Rising gas prices invariably lead people to the conclusion that gas prices are high simply because oil companies have conspired to raise prices. Sometimes I worry this belief will become widespread enough to induce politicians into legislating a price fixing scheme or some system of rationing. Even if oil companies are colluding in any particular case, there's a more serious underlying problem of demand increasing faster than supply.

Although I'm not a real fan of the oil companies, I think there are some important basic pricing facts about which consciousness needs to be raised. Prices are largely being determined by supply and demand. As gas prices rise, will oil companies reap outrageous profits? Probably, but it's for the same reason a individual with basement full gold has the power to become dollar rich. (And if you force the individual to sell the gold below market prices, you can be sure it will disappear quickly.)

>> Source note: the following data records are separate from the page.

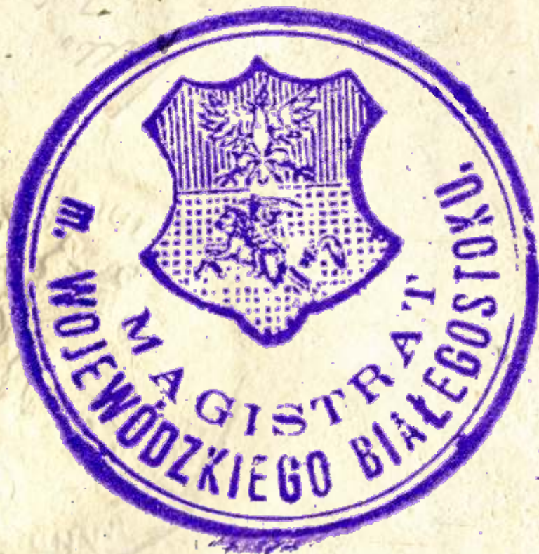
20. Magistrat miasta wojewódzkiego w Białymstoku, 1924 r., AP w Białymstoku, Akta notariusza Urbanowicza Bolesława w Białymstoku, nr zesp. 298, sygn. 18

Po odzyskaniu niepodległości miasto nadal korzystało z dawnego herbu powiatowego. Jego wizerunek wykorzystywano w sytuacjach uroczystych, np. na dyplomie honorowego obywatela miasta. Jednak z czasem herb powiatowy porzucono na rzecz formalnie nigdy nie należnego herbu obwodu białostockiego. Herb ten zaczęto stosować na pieczęciach miejskich, różnych władz i stowarzyszeń, znalazł się na odznace 42 pułku piechoty stacjonującego w Białymstoku. Wykorzystany też został w ozdobnym tableau pierwszego samorządu miejskiego wybranego 7 września 1919 r.
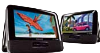
Philips Car DVD Player System Filmvergnügen für unterwegs Preis Fr. 429.–
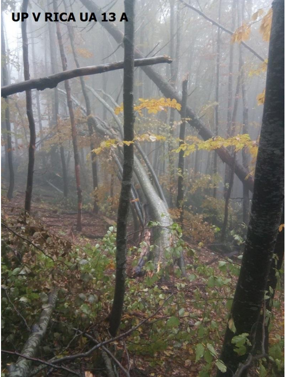
UP V RICA UA 13 A

If it is true that demand is outstripping supply, high prices are a critical factor in maintaining the balance between demand and supply; without them shortages will ensue and long lines at the pump; in addition, high prices provide an impetus to entrepreneurs and other agents pursuing sources of alternative energy. Without the signal of rising energy prices, what will impel them to act and pursue alternatives?

Finally, if we as a society find ourselves outraged by the profits reaped by the oil companies, it's not a matter that can be solved by mandating low prices, which, again, will in all likelihood lead to shortages. It's a problem that needs to be solved by taxing oil companies or some similar measure.


"MEQUON, Wisconsin (AP) -- Motorists pulled in to Harvey Pollack's gas station, honked and gave him a thumbs-up -- because he wasn't selling any fuel.

The owner of Towne Market Mobil in this suburb north of Milwaukee shut down his pumps for 24 hours, hoping to start a movement aimed at convincing oil companies to lower their prices."


"While gas prices seem to have spiked recently, the issues leading to this increase have been decades in the making Our nation’s refining capacity has been stagnant for thirty years, we have limited our options to increase domestic supply, and we depend more and more on foreign sources of oil that are becoming increasingly scarce because of rising demand in other countries like China and India. "

Economics in One Lesson:

"Now we cannot hold the price of any commodity below its market level without in time bringing about two consequences. The first is to increase the demand for that commodity. Because the commodity is cheaper, people are both tempted to buy, and can afford to buy, more of it. The second consequence is to reduce the supply of that commodity. Because people buy more, the accumulated supply is more quickly taken from the shelves of merchants."